Import the OpenAI client and initialize it with your API key from os.environ.
Prepare the evaluation request by including the model output and reference text in the messages array.
Call the DeepEval model endpoint using client.chat.completions.create with model='deepseek-chat'.
Extract the evaluation score and feedback from the response's choices[0].message.content.
Use or display the evaluation results as needed in your application.

Full code

python

from openai import OpenAI
import os

# Initialize DeepSeek client
client = OpenAI(api_key=os.environ["DEEPSEEK_API_KEY"])

# Define model output and reference
model_output = "The cat sat on the mat."
reference_text = "A cat is sitting on a mat."

# Prepare messages for DeepEval
messages = [
    {"role": "user", "content": f"Evaluate this output: '{model_output}' against reference: '{reference_text}'"}
]

# Call DeepEval via deepseek-chat model
response = client.chat.completions.create(
    model="deepseek-chat",
    messages=messages
)

# Extract evaluation result
evaluation = response.choices[0].message.content
print("Evaluation Result:", evaluation)

output

Evaluation Result: Score: 0.92, Feedback: Output is semantically close to the reference.

API trace

Request

json

{"model": "deepseek-chat", "messages": [{"role": "user", "content": "Evaluate this output: 'The cat sat on the mat.' against reference: 'A cat is sitting on a mat.'"}]}

Response

json

{"choices": [{"message": {"content": "Score: 0.92, Feedback: Output is semantically close to the reference."}}], "usage": {"total_tokens": 45}}

Extractresponse.choices[0].message.content

Variants

Streaming evaluation output ›

Use streaming when you want to display evaluation results progressively for better user experience.

python

from openai import OpenAI
import os

client = OpenAI(api_key=os.environ["DEEPSEEK_API_KEY"])

model_output = "The cat sat on the mat."
reference_text = "A cat is sitting on a mat."

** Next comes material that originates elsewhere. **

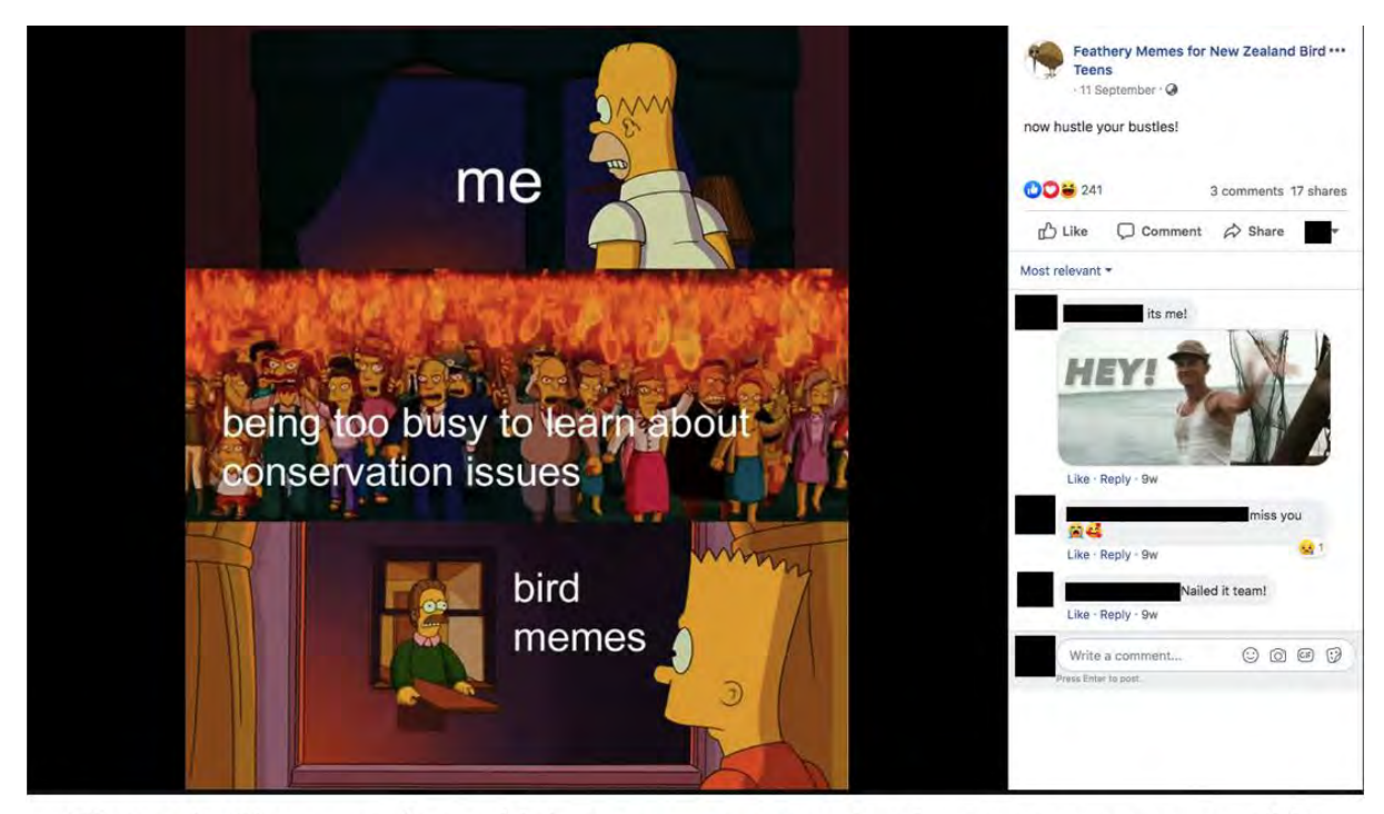
Figure 5. Simpsons Angry Mob meme, an example of memes as an accessible source of information.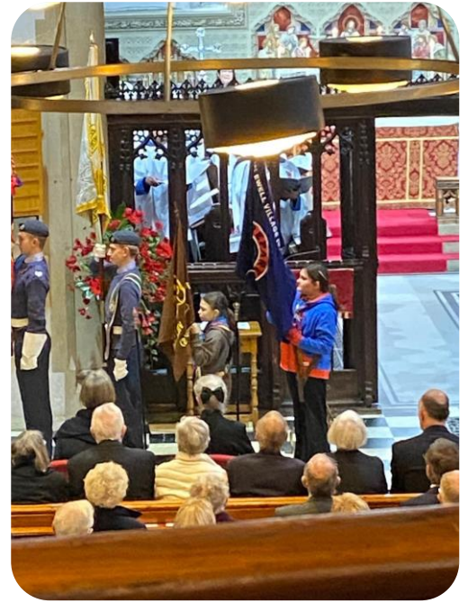
Brownie and Guide flag bearers at St Marys Church Ewell Village representing Epsom Division

messages = [{"role": "user", "content": f"Evaluate this output: '{model_output}' against reference: '{reference_text}'"}]

response = client.chat.completions.create(
    model="deepseek-chat",
    messages=messages,
    stream=True
)

for chunk in response:
    print(chunk.choices[0].delta.get('content', ''), end='')
print()

Async evaluation call ›

Use async calls to integrate DeepEval in applications requiring concurrency or non-blocking behavior.

python

import asyncio
from openai import OpenAI
import os

async def evaluate_async():
    client = OpenAI(api_key=os.environ["DEEPSEEK_API_KEY"])
    model_output = "The cat sat on the mat."
    reference_text = "A cat is sitting on a mat."
    messages = [{"role": "user", "content": f"Evaluate this output: '{model_output}' against reference: '{reference_text}'"}]
    response = await client.chat.completions.acreate(
        model="deepseek-chat",
        messages=messages
    )
    print("Async Evaluation Result:", response.choices[0].message.content)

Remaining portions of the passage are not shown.